• **The problem**
Among the entries below, which lines run from the line with "Таблица 1.1. Примеры" through the line with "ドゥカティとフェラーリの共通"? Retype those, both ends included, exactly and without pictures.
(Provided entries begins)
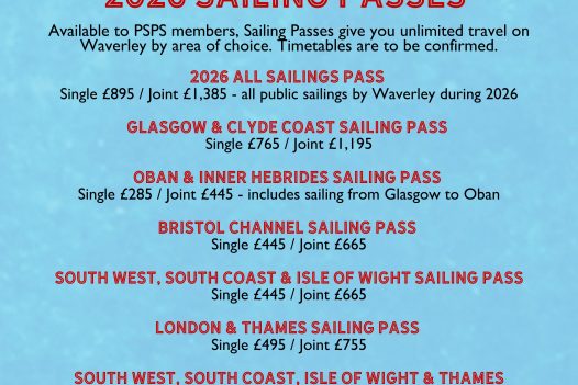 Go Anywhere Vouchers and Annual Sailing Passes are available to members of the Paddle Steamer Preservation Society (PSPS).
(Provided entries ends)
(Provided entries begins)
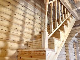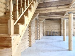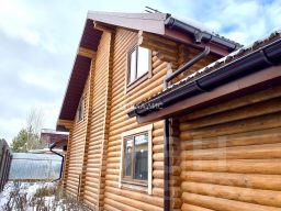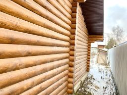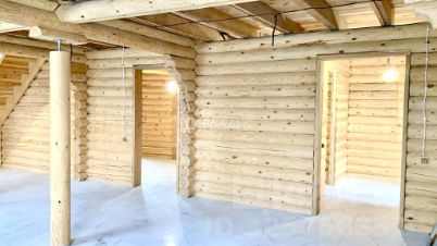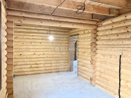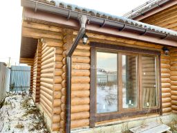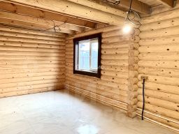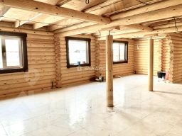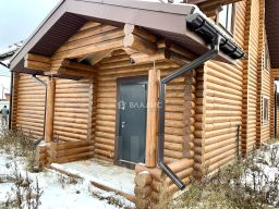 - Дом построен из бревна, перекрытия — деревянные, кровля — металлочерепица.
(Provided entries ends)
(Provided entries begins)
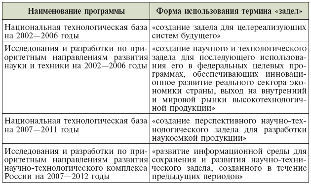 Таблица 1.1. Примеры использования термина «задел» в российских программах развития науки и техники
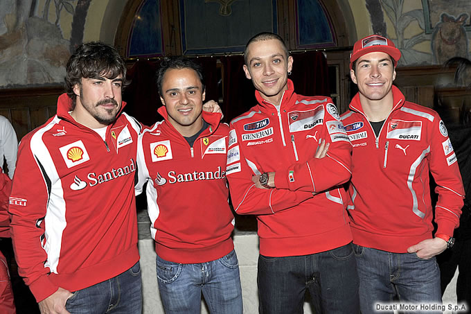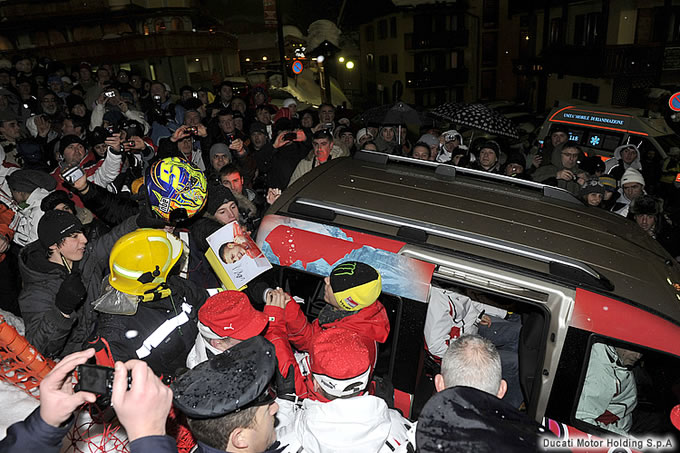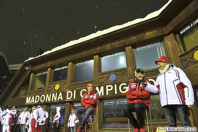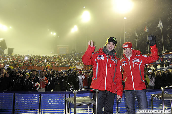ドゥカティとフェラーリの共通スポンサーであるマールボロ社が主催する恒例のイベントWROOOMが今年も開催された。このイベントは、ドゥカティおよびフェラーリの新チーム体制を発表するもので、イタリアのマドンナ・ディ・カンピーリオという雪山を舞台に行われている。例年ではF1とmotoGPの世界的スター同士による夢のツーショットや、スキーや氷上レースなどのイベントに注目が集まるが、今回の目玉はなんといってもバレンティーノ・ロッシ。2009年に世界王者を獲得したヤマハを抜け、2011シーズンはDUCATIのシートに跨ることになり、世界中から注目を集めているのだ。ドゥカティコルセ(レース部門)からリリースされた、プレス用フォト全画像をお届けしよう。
(Provided entries ends)
• **Task solution**
 Таблица 1.1. Примеры использования термина «задел» в российских программах развития науки и техники
ドゥカティとフェラーリの共通スポンサーであるマールボロ社が主催する恒例のイベントWROOOMが今年も開催された。このイベントは、ドゥカティおよびフェラーリの新チーム体制を発表するもので、イタリアのマドンナ・ディ・カンピーリオという雪山を舞台に行われている。例年ではF1とmotoGPの世界的スター同士による夢のツーショットや、スキーや氷上レースなどのイベントに注目が集まるが、今回の目玉はなんといってもバレンティーノ・ロッシ。2009年に世界王者を獲得したヤマハを抜け、2011シーズンはDUCATIのシートに跨ることになり、世界中から注目を集めているのだ。ドゥカティコルセ(レース部門)からリリースされた、プレス用フォト全画像をお届けしよう。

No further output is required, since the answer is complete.